According to a Northeast survey conducted by our laboratory (Pereira et al., 2013), organic dairies in the region are characterized by herd sizes averaging 58 lactating cows per farm. We also learned that the amount of kelp meal supplementation in the Northeast ranges from less than 1 oz to 7 oz per cow daily (NE SARE; award# G12-049). Using the mean dose of 3 oz per cow recommended by companies such as North American Kelp and Thorvin, kelp meal supplementation would represent additional $5,081 in feed costs per farm (3 oz at $0.08/oz × 58 cows/farm × 365 days). As our data showed no positive impact of kelp meal supplementation on milk production or milk composition, farmers may need to rethink the use of kelp meal in their farms as a generic mineral mix is generally less expensive than kelp. It is well known that many farmers feed kelp meal due to its high concentration of minerals.
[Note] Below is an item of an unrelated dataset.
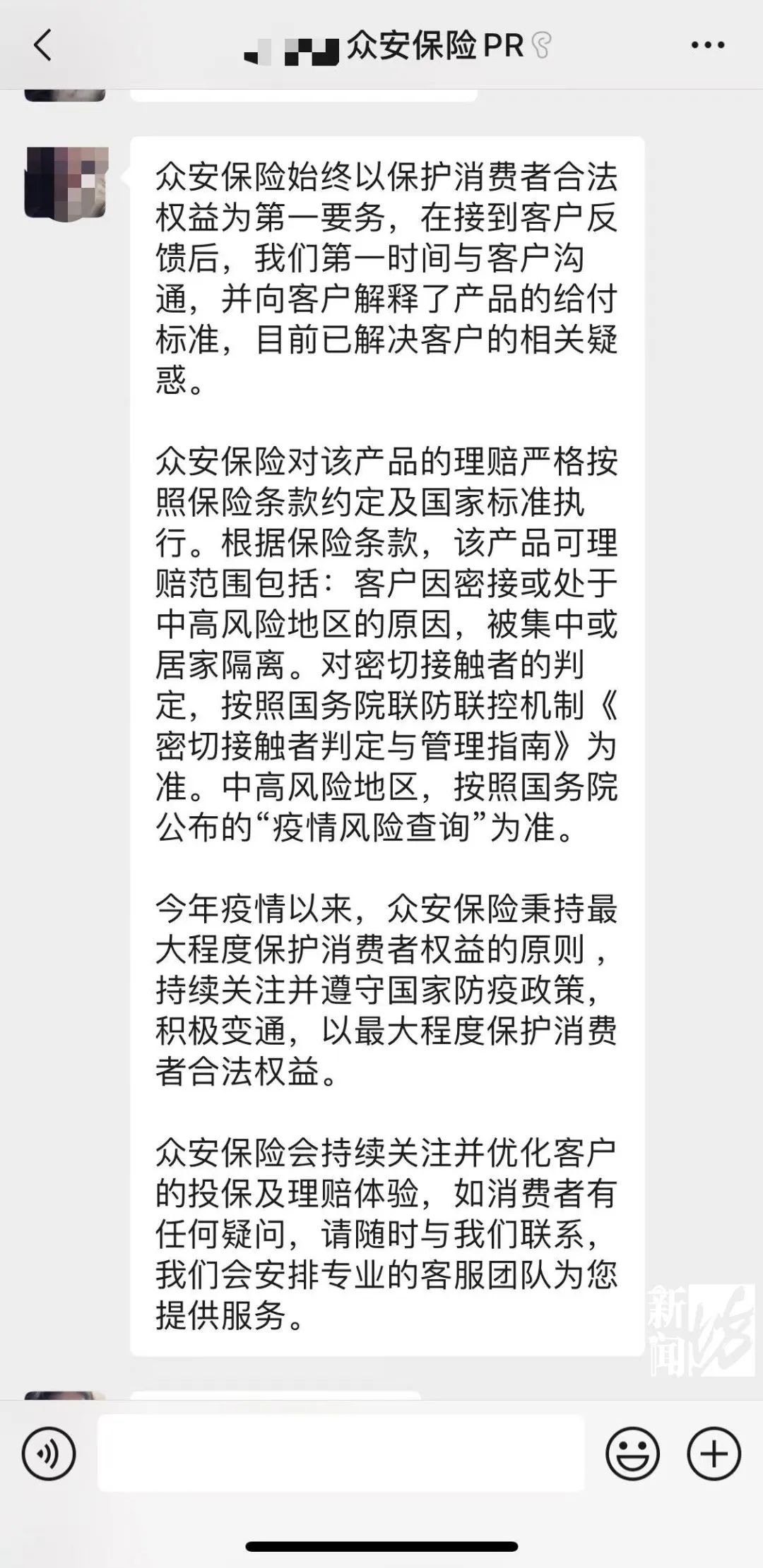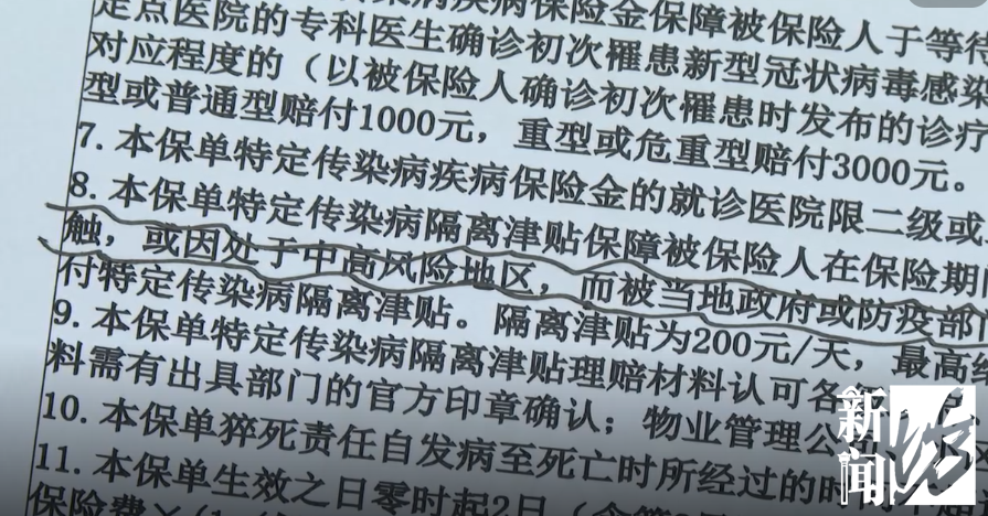 坊记查看了沈女士的保险合同,并电话联系了众安保险客服,客服人员还是咬定条文,沈女士这样非密接但居家隔离的被保险人,并不处于"中高风险地区"。

Although we did not directly involve farmers in this project, our results can be used by farmers to make informed decisions about kelp meal use in their dairy enterprises. For instance, kelp meal did not improve milk production or milk composition, but it seems to reduce stress in lactating dairy cows. Thus, farmers have the option to decide whether or not kelp meal fit in their farm economic budget. Kelp meal is an expensive supplement and our current and previous results do not support kelp supplementation if farmers’ goals are to improve milk production, milk composition, and feed efficiency. In addition, extension educators, nutritionists, and veterinarians can also make informed decisions, and educate farmers about the pros and cons of feeding kelp meal.
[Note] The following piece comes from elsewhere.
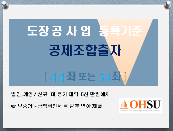 ◈주력분야 도장공사업[도장습식방수석공사업] 등록기준 :공제조합 출자금 예치 ◈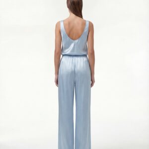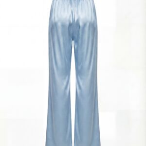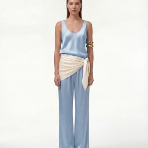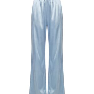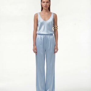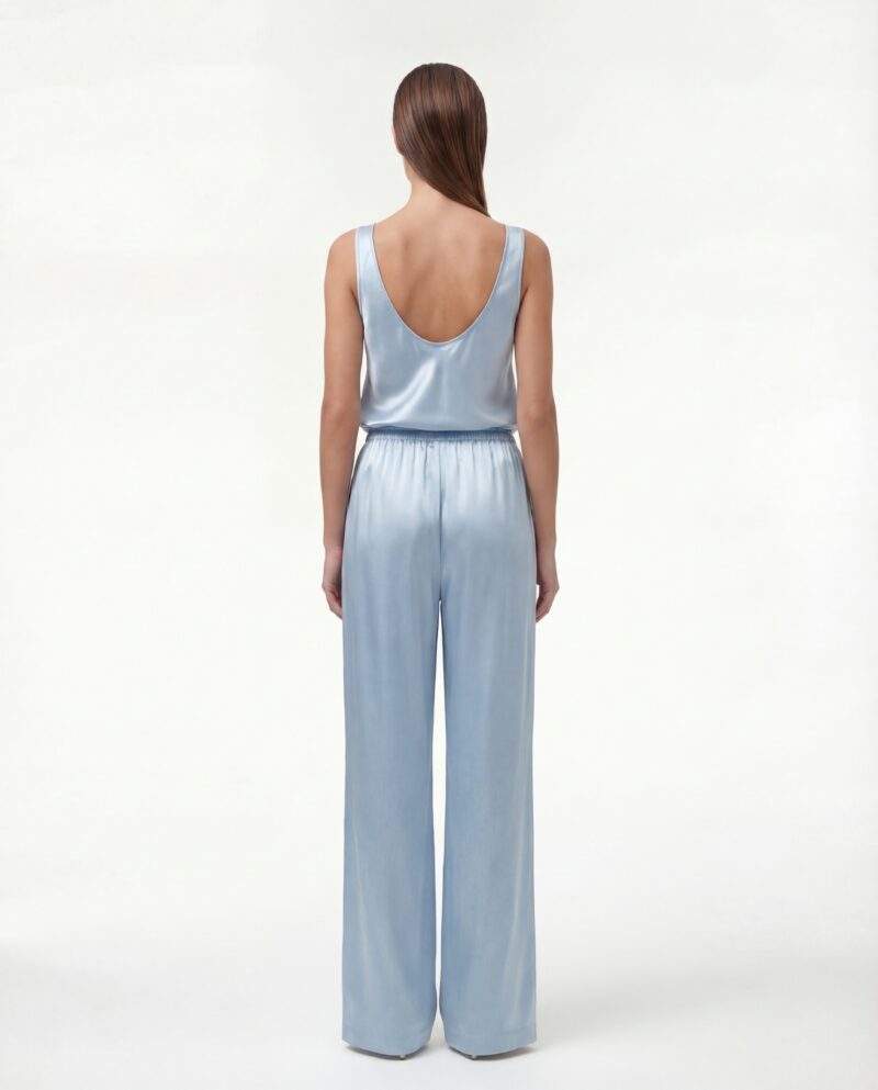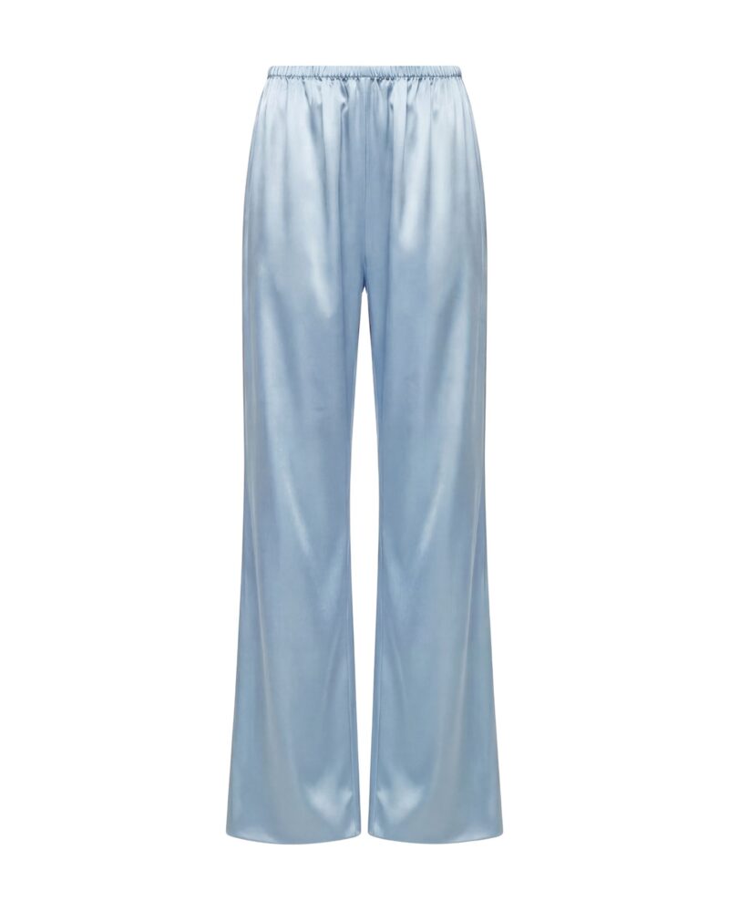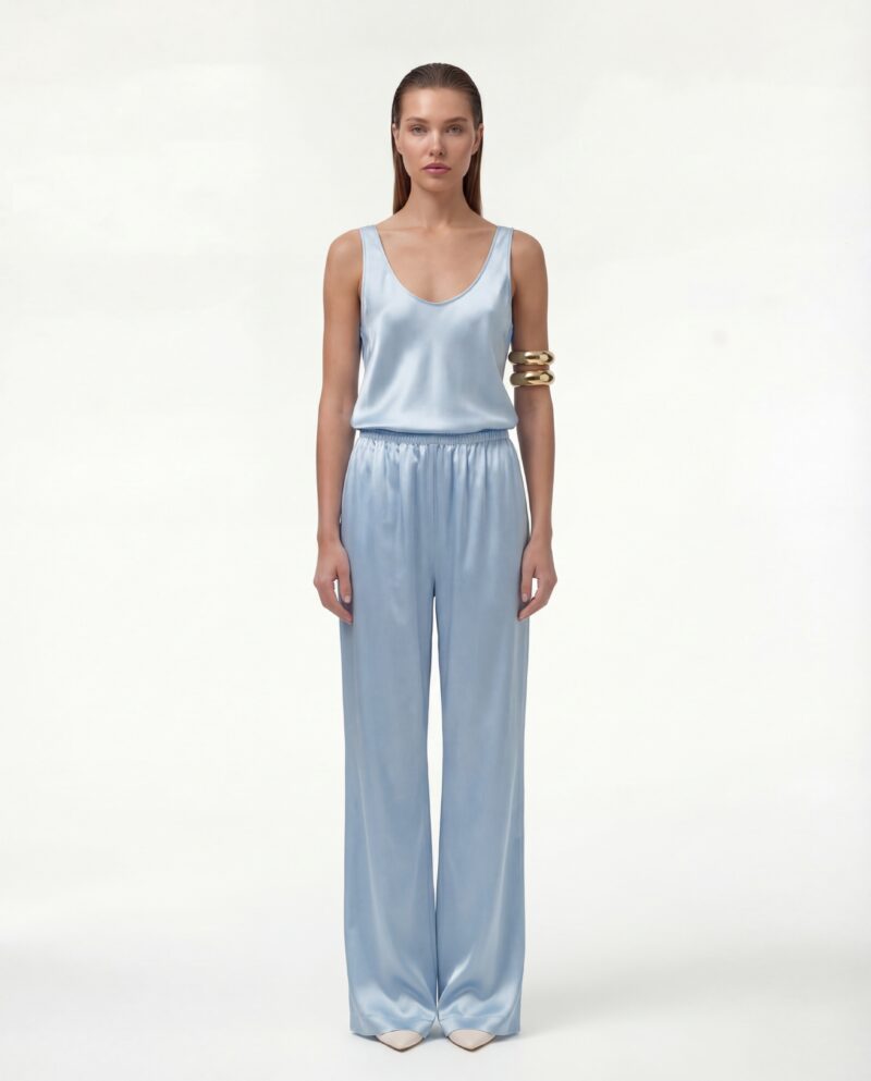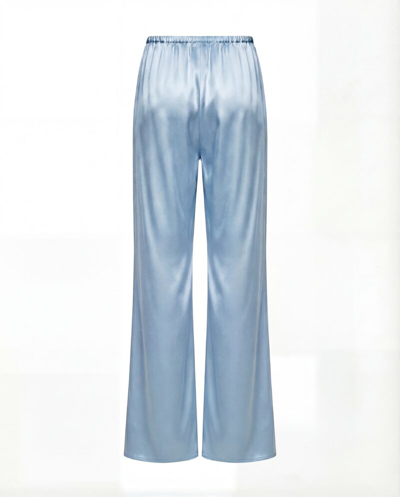 Made of natural, fluidly draping silk, they create a soft, elongated silhouette and a feeling of absolute lightness. The straight, slightly flared cut, combined with an elastic waistband, allows the trousers to fit the body without feeling constricted.

Areas needing additional study
Past and recent survey research revealed that up to 80% of organic dairy farmers in the Northeast and Midwest feed kelp meal. Our laboratory showed some evidence that kelp meal seems to be involved in decreasing animal stress and microorganisms in the rumen associated with methane production. In addition, there is some indication that kelp meal supplementation improves milk quality by reducing milk somatic cells count. Thurs, future research should address the potential role of kelp meal on mitigating methane emissions, as well as its potential effect on improving milk quality and udder health.